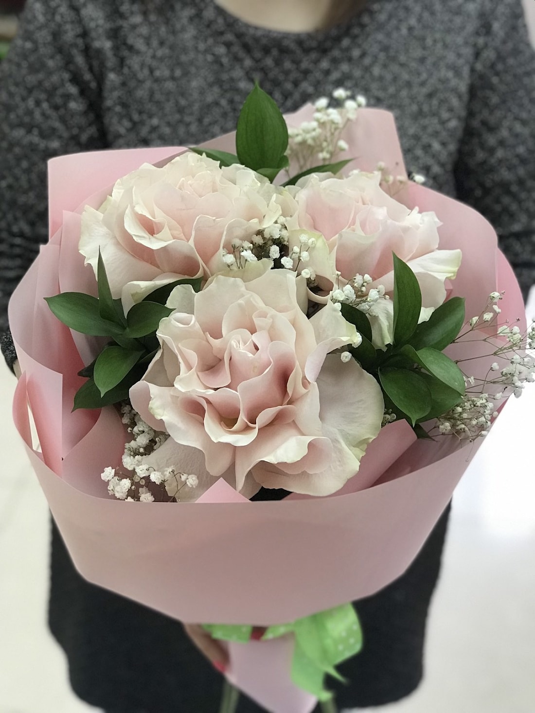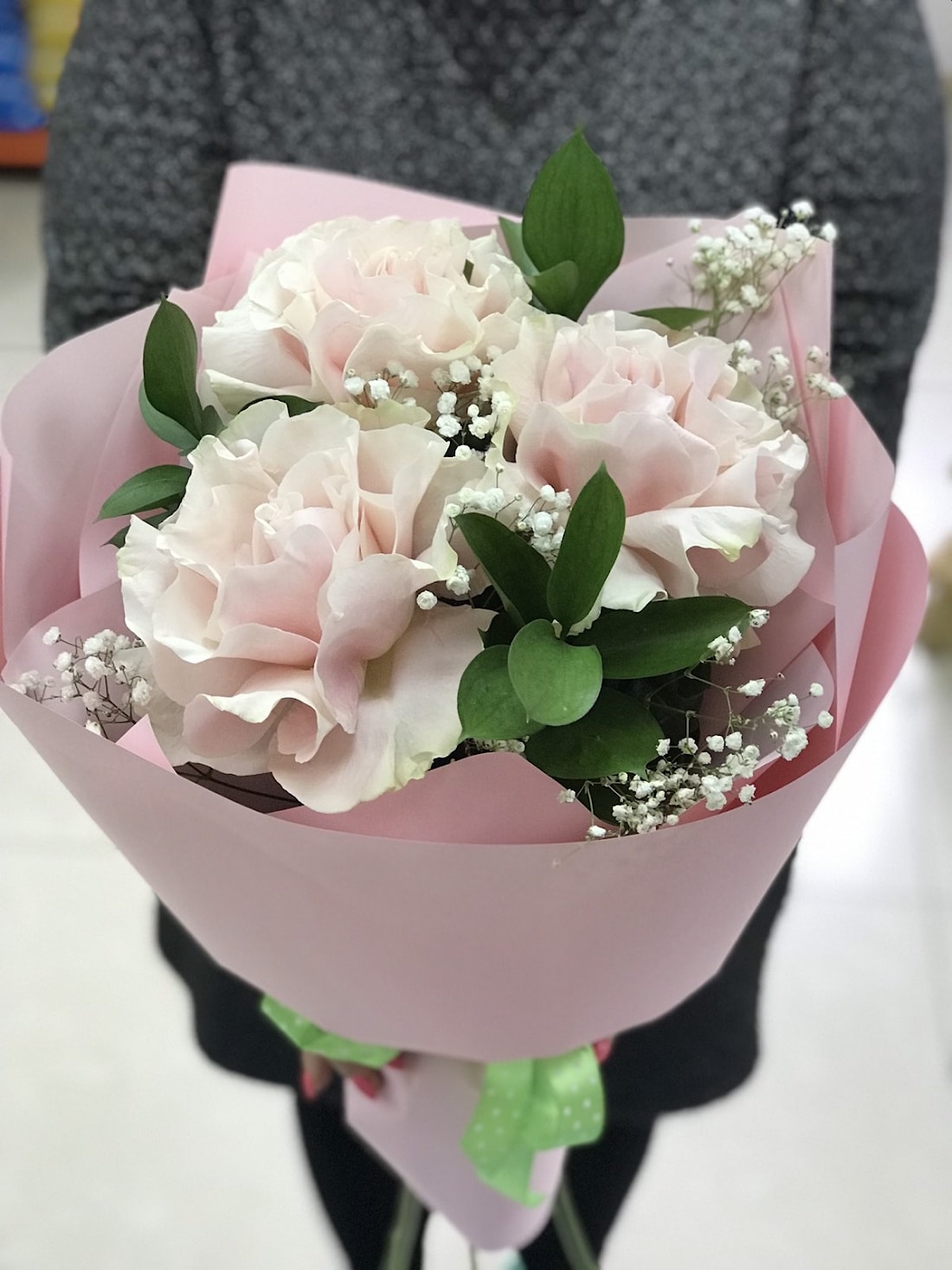 Состав букета: французские розы (3 шт), писташь (1 шт), гипсофила (1 шт)
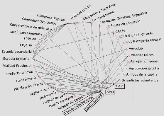 Se puede observar que la municipalidad, el Concejo Deliberante, la APN y el Consejo Agrario Provincial (CAP) (resaltados en la Figura 3) son las instituciones públicas que más interacciones presentan. Al ser mayormente relaciones unidireccionales, se identifica que estos organismos concentran las decisiones sobre qué proyectos se desarrollan en El Chaltén.
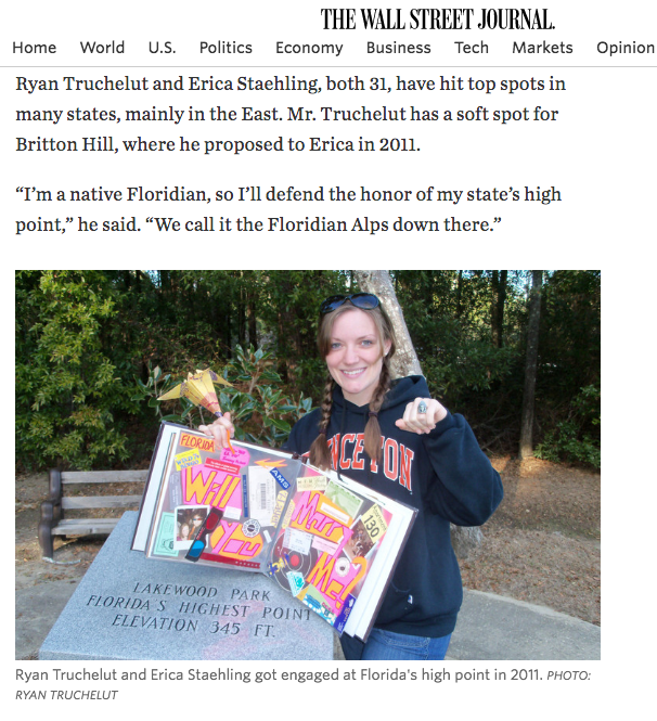 A reporter from the Wall Street Journal reached out to me in February about highpointing, more specifically the quest for bagging some of America’s lowest peaks. Ryan (husband) ended up giving the interview, since I was barely a few days postpartum and originally thought it was some sort of phishing scheme in my delirium. But it wasn’t, it was actually a bizarre front page story, and I even got my picture on their website out of the deal!
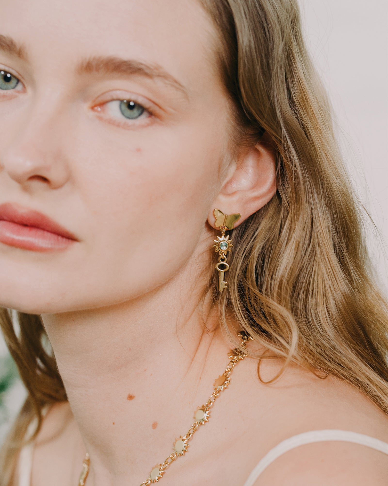 Playful and full of charm, the Alice Earrings feature a drop design with a butterfly, a sun charm set with a sky blue CZ cabochon, and a delicate key. This whimsical trio creates a unique statement with soft movement and shine.
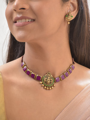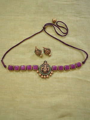 Terracotta Pink Square Stone Choker Necklace with Lakshmi Goddess Motif & Earrings
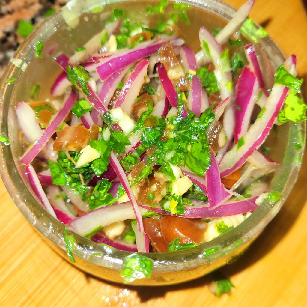 Step Two: Thinly slice the red onion. I only used about 1/4 of a medium sized red onion. Chop up the garlic and dates into teeny tiny pieces. I do like the dates chopped slightly larger than the garlic for this recipe. Then roll up a handful of the cilantro and julienne it. Add in the squeezed lime juice, maple syrup, red wine vinegar, olive oil and a bit of salt. Mix it all together and set aside in the fridge.
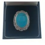 A silver ring, stamped 925, with turquoise coloured stone (2cm), surrounded by marcasite, Size P, gross weight 7.4g
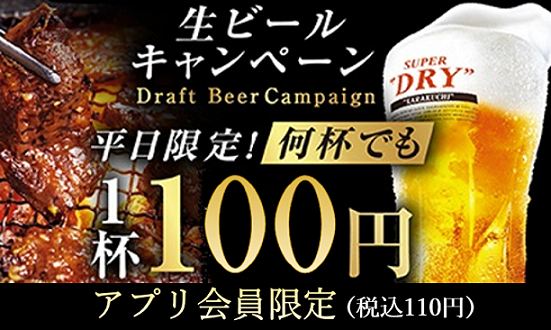 内容 :アサヒスーパードライ 中ジョッキ550円(税込605円)が、何杯でも1杯につき100円(税込110円)
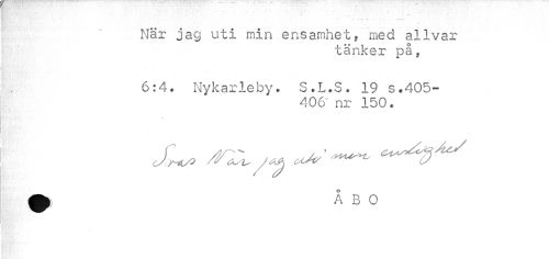 //// r » ¦* —^ //// När jag uti min ensamhet, med allvar //// tänker på, //// 6:4. Nykarleby. S.L.S. 19 s.405- //// 406" nr 150. ////
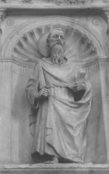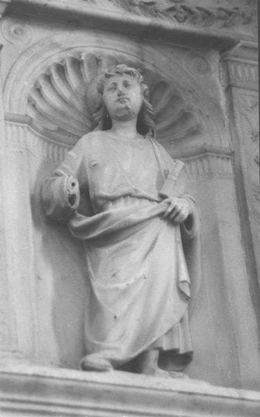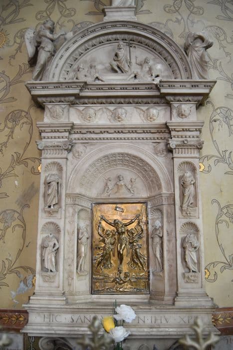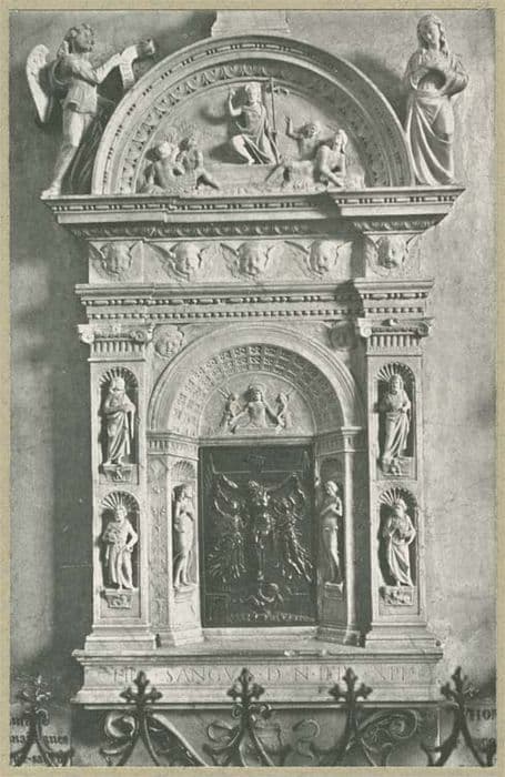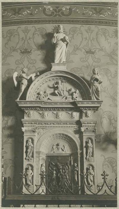 reliquaire composé de niches avec statuettes, colonnes ioniques surmontées d'un entablement orné de frises (oves, perles) ; fronton semi ; circulaire avec au centre une représentation sculptée : Jésus sortant du tombeau ; au sommet Jésus tenant le globe accompagné de 2 anges
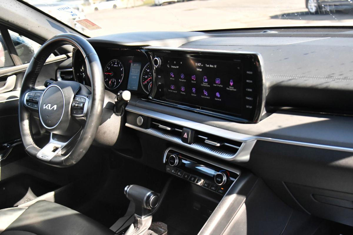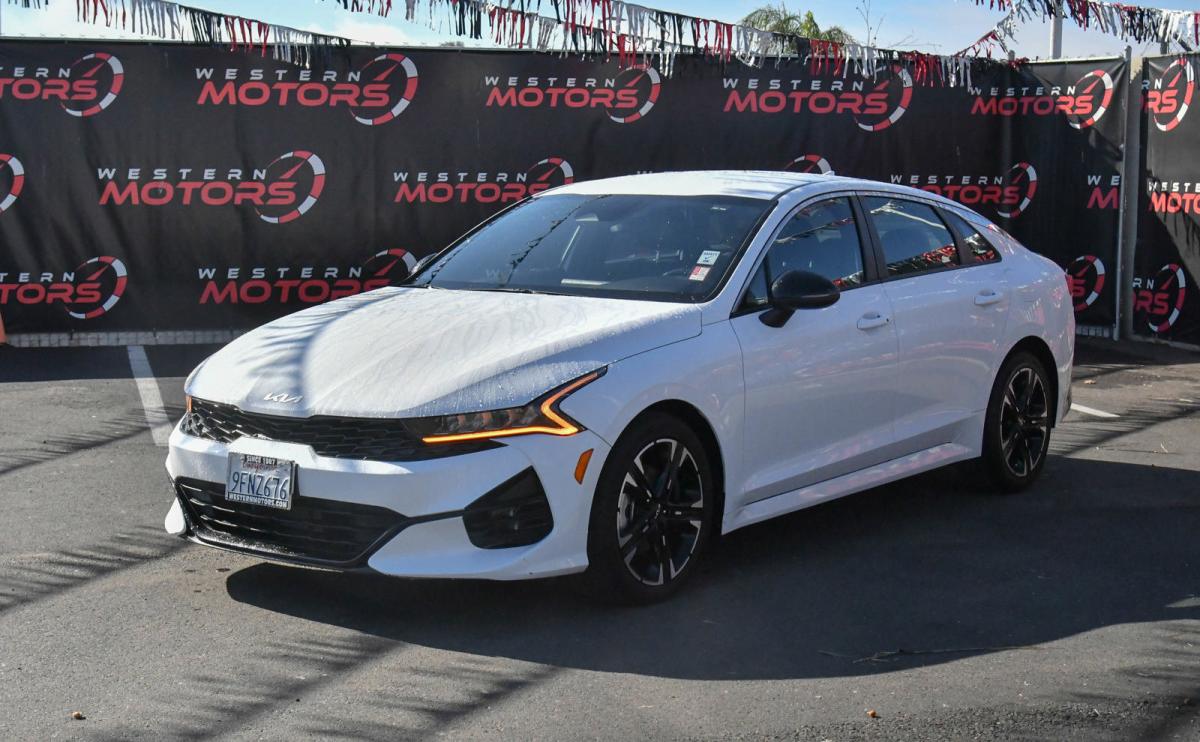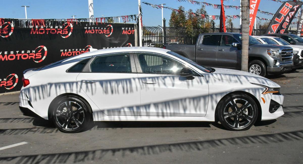 Delivers 37 Highway MPG and 27 City MPG! This Kia K5 delivers a Intercooled Turbo Regular Unleaded I-4 1.6 L/98 engine powering this Automatic transmission. GLACIAL WHITE PEARL, CARPETED FLOOR MATS, CARGO MAT.*This Kia K5 Comes Equipped with These Options *BLACK, CLOTH/SYNTEX SEAT TRIM -inc: GT-Line logo, Window Grid Antenna, Wheels: 18 Gloss Black Machined Finish Alloy, Variable Intermittent Wipers, Urethane Gear Shifter Material, Turn-By-Turn Navigation Directions, Trunk Rear Cargo Access, Trip Computer, Transmission: 8-Speed Automatic -inc: drive mode select system, Transmission w/Sequential Shift Control.
..........
WORK ITEM: Print out the entries above word for word from the first line to the line containing "A reporter from", both included, omitting the pictures.

FINISHED TASK:
 Состав букета: французские розы (3 шт), писташь (1 шт), гипсофила (1 шт)
 Se puede observar que la municipalidad, el Concejo Deliberante, la APN y el Consejo Agrario Provincial (CAP) (resaltados en la Figura 3) son las instituciones públicas que más interacciones presentan. Al ser mayormente relaciones unidireccionales, se identifica que estos organismos concentran las decisiones sobre qué proyectos se desarrollan en El Chaltén.
 A reporter from the Wall Street Journal reached out to me in February about highpointing, more specifically the quest for bagging some of America’s lowest peaks. Ryan (husband) ended up giving the interview, since I was barely a few days postpartum and originally thought it was some sort of phishing scheme in my delirium. But it wasn’t, it was actually a bizarre front page story, and I even got my picture on their website out of the deal!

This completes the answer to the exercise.